- **Your assignment**:
From the first line of the data down to and including the line with "上半场比赛,雷霆进攻端打不开", copy everything exactly, leaving out pictures.
** Opening Source material block **
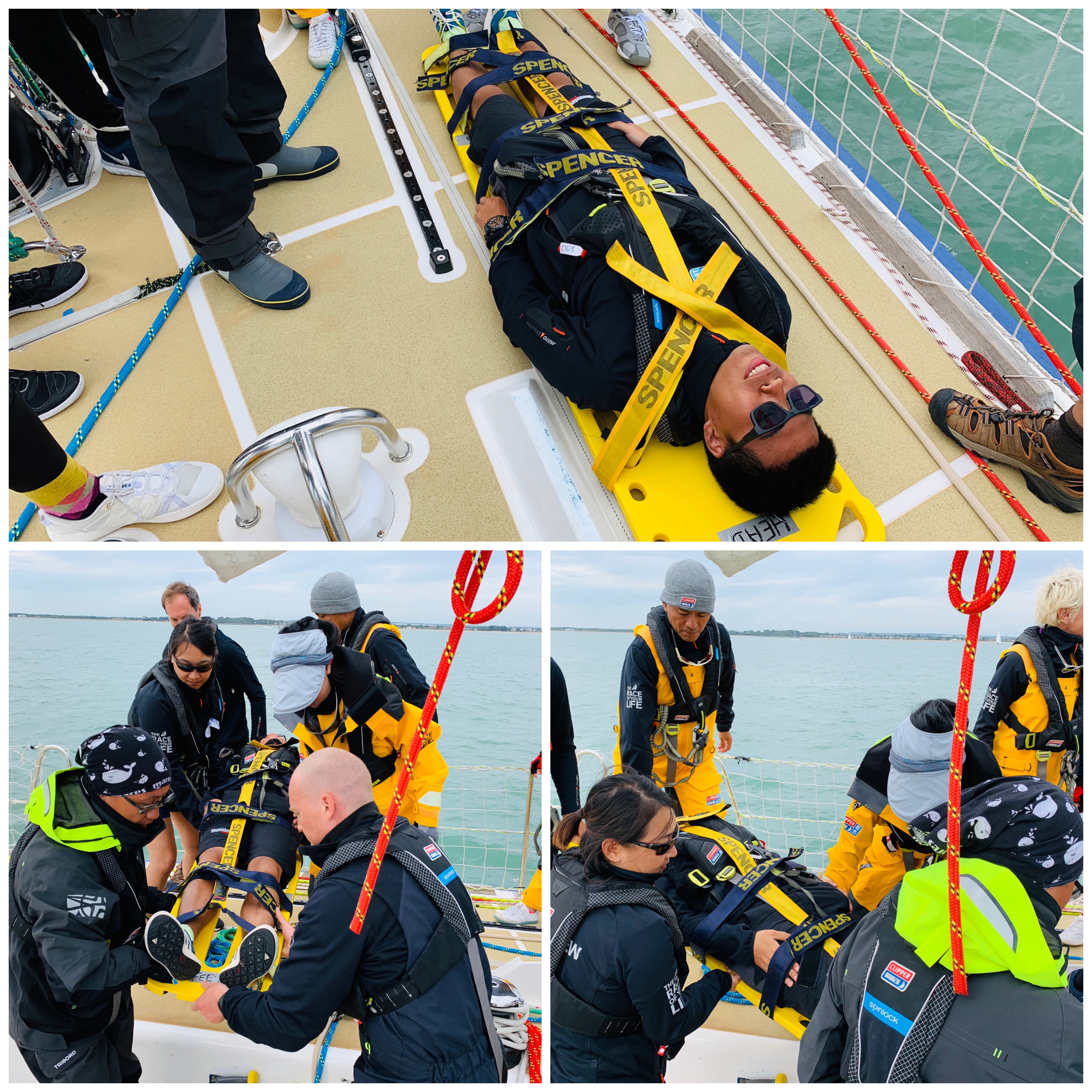 The next task was to get the spinal board out (once we had a willing volunteer). It was surprisingly easy to get him attached in the right way, and to carry him from the foredeck to below deck. Thankfully we didn’t drop our patient, and he made a full recovery (from his imaginary life threatening injuries) once we’d made him some food! Hopefully this is another one of those safety things we’ll never actually have to put to use in real life!
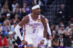 上半场比赛,雷霆进攻端打不开局面时依然靠亚历山大个人能力止血,他出战18分钟,9中5(三分1中1),罚球6中5砍下16分2篮板2助攻1抢断。
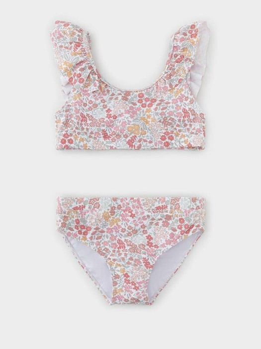 Раздельный купальник для девочки. Топ на эластичных лямках и плавки на резинке. Внутри подклад. Украшен воздушными оборками. Оригинальная набивка выполнена из стойких гипоаллергенных красителей.
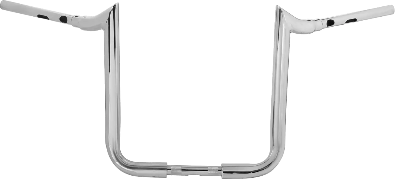 The La Choppers Grande Prime Ape Hanger handlebar features a mitered tip and a traditional two-bend bottom, creating a distinctive and eye-catching appearance. The double-wall steel construction ensures superior strength and durability, ready to withstand the demands of the road. These handlebars are designed to accommodate both electronic and cable throttles, offering versatility for various motorcycle models. Internal wiring is a breeze thanks to the pre-drilled design, giving your bike a clean and professional look. Compatible with hydraulic clutch and brake master cylinders, and also accepts H-D OEM heated grips, making these handlebars a great choice for year-round comfort. The chrome finish provides a sleek, custom look that complements any bike. With a 1-1/2" diameter, these bars make a bold statement.
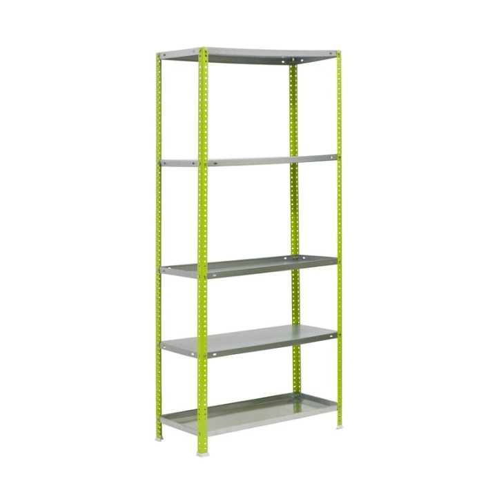 Estantería metálica con tornillos, de color VERDE/GALVANIZADO.Tiene 5 estantes. Las dimensiones de esta Estantería son: 1800x900x300 mm. Tiene una capacidad de carga de 100 kgs por estante. Incluye bandejas perforadas para que se filtre el agua. Incluye una bandeja lisa para contener el agua. Es fabricado en España y se monta rápido siguiendo las instrucciones.
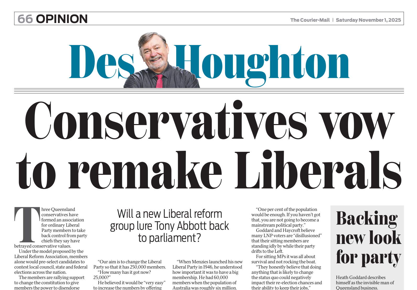The Courier Mail Columnist Des Houghton says the Liberal Reform Association believes the “bosses” in charge of the Liberal Party have “betrayed the conservative values”.
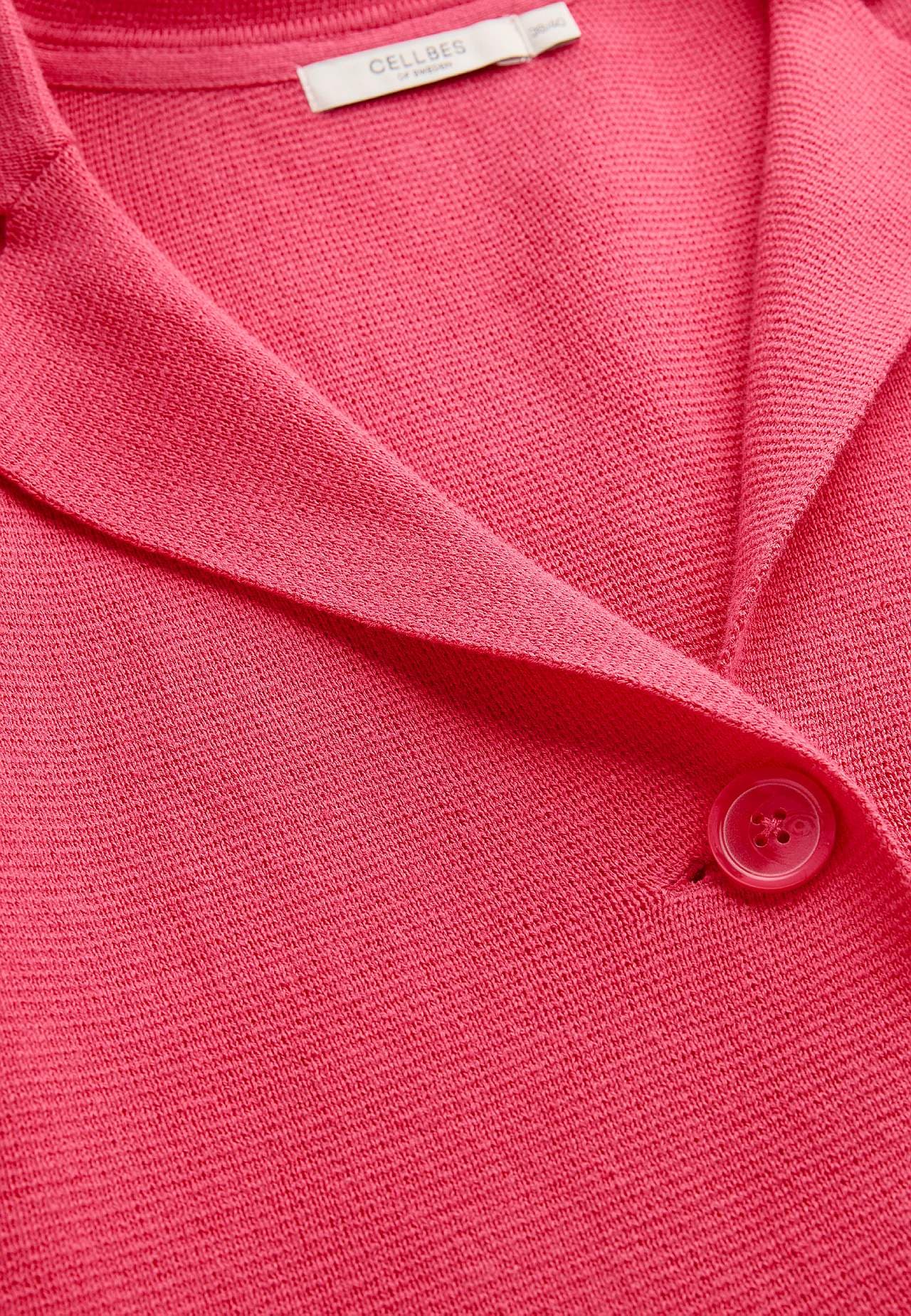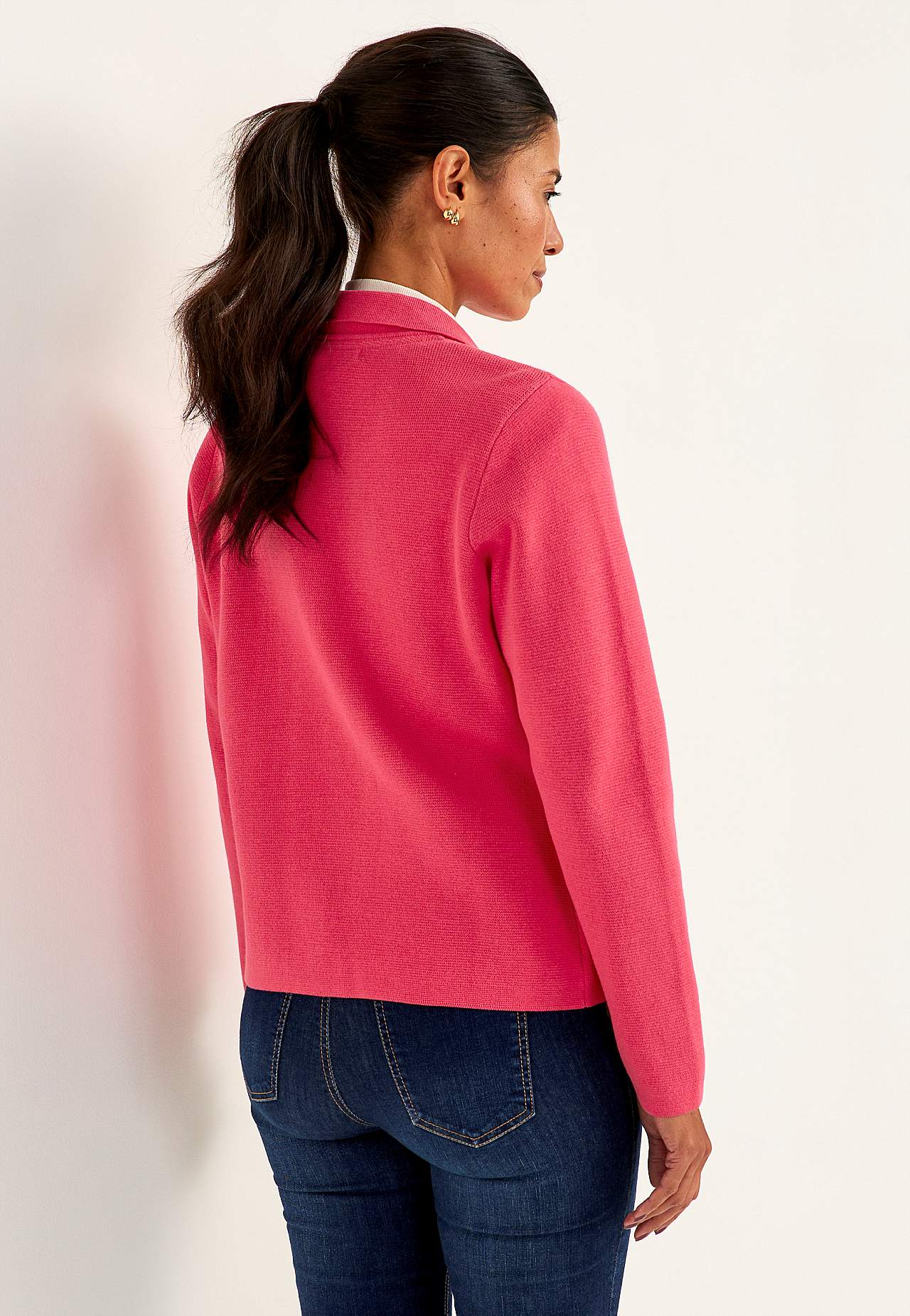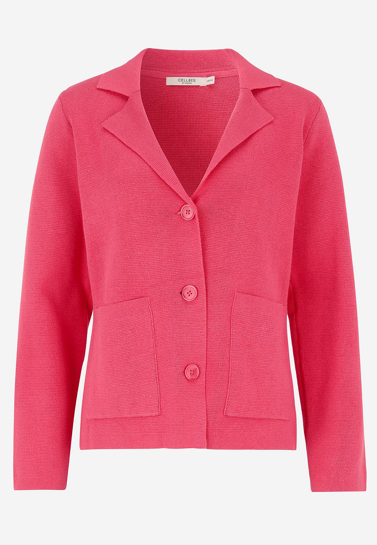 Fijn gebreide blazer van vormvaste en zachte katoenkwaliteit. Lichtjes getailleerde pasvorm. Schoon en stijlvol ontwerp perfect voor het hele jaar. Drie grote knoppen. Zakken aan de voorkant. Lange mouwen. De lengte varieert afhankelijk van de maat: ongeveer 61-70 cm vanaf de schouder.
** Closing Source material block **
- **Solution below**:
 The next task was to get the spinal board out (once we had a willing volunteer). It was surprisingly easy to get him attached in the right way, and to carry him from the foredeck to below deck. Thankfully we didn’t drop our patient, and he made a full recovery (from his imaginary life threatening injuries) once we’d made him some food! Hopefully this is another one of those safety things we’ll never actually have to put to use in real life!
 上半场比赛,雷霆进攻端打不开局面时依然靠亚历山大个人能力止血,他出战18分钟,9中5(三分1中1),罚球6中5砍下16分2篮板2助攻1抢断。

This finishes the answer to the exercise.